Losing your job is hard. It’s a loss not just of income but of professional identity, self-confidence and self-esteem, purposeful activity, colleagues, security and peace of mind.

You feel shocked, anger, fear, grief at your loss, anxious about the future and often depression. In his article “Coping with the emotions of a job loss – some excellent advice,” Andy Robinson lists the following symptoms of job loss grief: a parent’s diminished ability to parent, difficulties adjusting to new family roles and tasks, difficulties remembering the “good times,” increased family disputes, blaming others, stress-related health issues, concerns about the financial future, concerns about possibly having to move and worries about what friends will think about the unemployed status. Candidates have shared with us the emotional pain of losing a job, the feelings of depression and the challenges encountered by their families. I’ve also experienced it firsthand when my husband lost his job.

These feelings are all very real, but they do not define you. As Robert Cossick says in his blog, “Come out of the pit. Your worth is not based on whether or not an employer places value on you. Your worth is based on the people around you, those who love you, and the ones you invest in and care about.” Cossick defines four steps to change your focus and recognize your worth or, as he says, “to come out of the pit.”

Steps to ‘come out of the pit’

1. Make a list of the people who have influenced your life and thank them for doing so.

2. Make a list of the people you have influenced and make a mental note of how that influence has impacted their lives.

3. Allow steps one and two to rebuild your own confidence and reaffirm your self-worth.

4. Expand step two by investing in more lives.

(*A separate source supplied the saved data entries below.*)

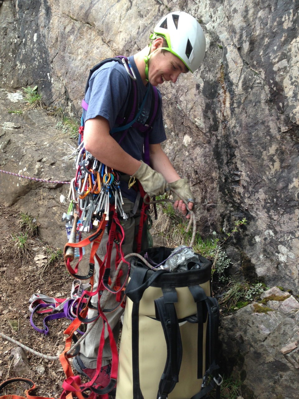 Matt shared with me a wealth of big wall knowledge, from advanced systems to handy tricks. He was very patient with me and helped me to learn many new skills in a safe setting. He gave me a top rope belay while talking me through a reasonably difficult aid climb at the roadside attraction crag. After my successful mock lead, he met me at the top to help me dial in my hauling technique. Following my wrestling match with the “pig,” finally getting it to the top of the cliff, he instructed me on how to safely rappel with a haul bag by riding on top of it. In addition, he talked me through the intricacies of cleaning an aid pitch while jumaring. To round out the instruction, he taught me the valuable methods of piton craft; I can now comfortable say I know the difference between a lost arrow and a knifeblade.
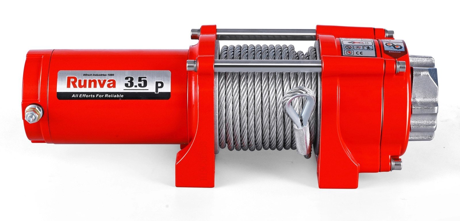 Runva 3.5P Winch with Steel Cable, Limited Lifetime Warranty. The Runva 3.5P Winch is a small and compact winch ideal for ATV / Trailers. It is wireless remote compatible. This product comes with a steel cable and you have the option of either 12V or 24V.
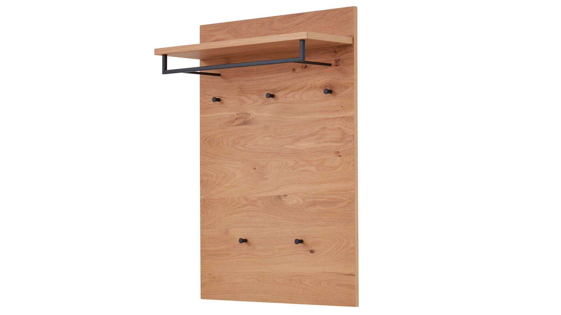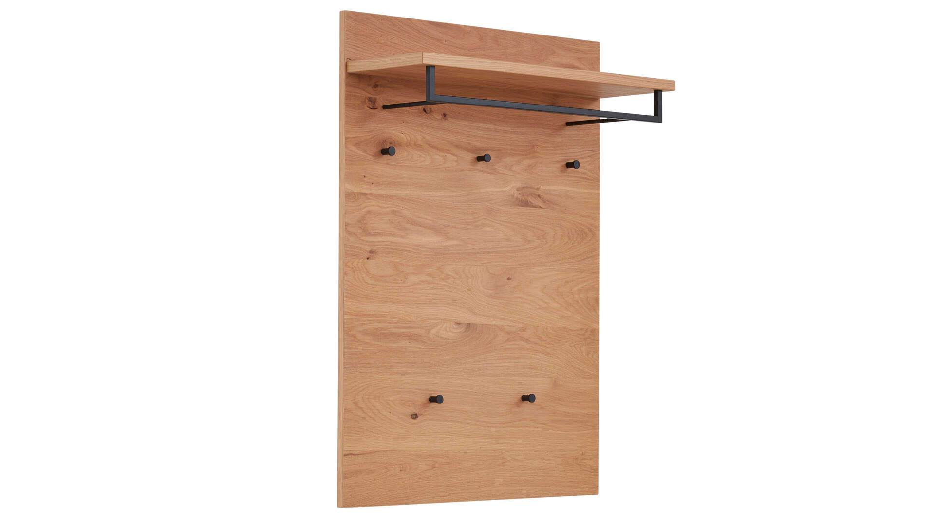 Diese Merkmale kennzeichnen die Wandgarderobe 821 der Interliving Garderoben Serie 6005. Sie präsentiert sich komplett in widerstandsfähigem Balkeneichefurnier. Stilvoll und robust abgerundet wird das Garderobenpaneel durch die verschiedenen metallenen Details im trendigen Farbton Anthrazit.

Scientific research shows acts of kindness and investing in the lives of others produce some of the same “feel-good” chemicals in us as antidepressant medications do. They also help us to stop focusing on our own problems and realize how much we have to be thankful for. In her Forbes article “Bouncing back from job loss: The 7 habits of highly effective job hunters,” Margie Warrell talks about the importance of extending kindness to others. She says, “There’s no better mood booster than making a difference for someone else, even when you wish your own life was different than it is.”

Speaking of wishing your life was different, Warrell also shares a great tip for finding your next job: tapping into your personal and professional network. So many open positions are not advertised, but employees at those companies know about those openings and are often asked and encouraged to refer people they know. The more people who know you are looking for a job and what you’re looking for, the more people there are who can help you. As Warrell says, “The old adage ‘your network is your net worth’ is particularly relevant when it comes to finding those positions that are filled by word of mouth.” Talk to your neighbors, your former co-workers, the parents on your child’s sports team, etc. Ask them to help you with introductions or to connect you with other people they know who may be able to help you. People love to help and want to help, but they often don’t know how until you ask. Here at BIC Alliance, we are big believers in the power of networking. In fact, “BIC” stands for the “Business & Industry Connection.” If I or any member of our BIC Recruiting team can help you with making industry connections, please let us know.

Remember to treat your job search like a job: Create a plan, set goals and structure your day. But most importantly, make time to invest in others. As Cossick says in his blog, “Your life has value way beyond any job you will ever have, so start living your life for the things that really matter…faith, family and friends because that value will be forever treasured.”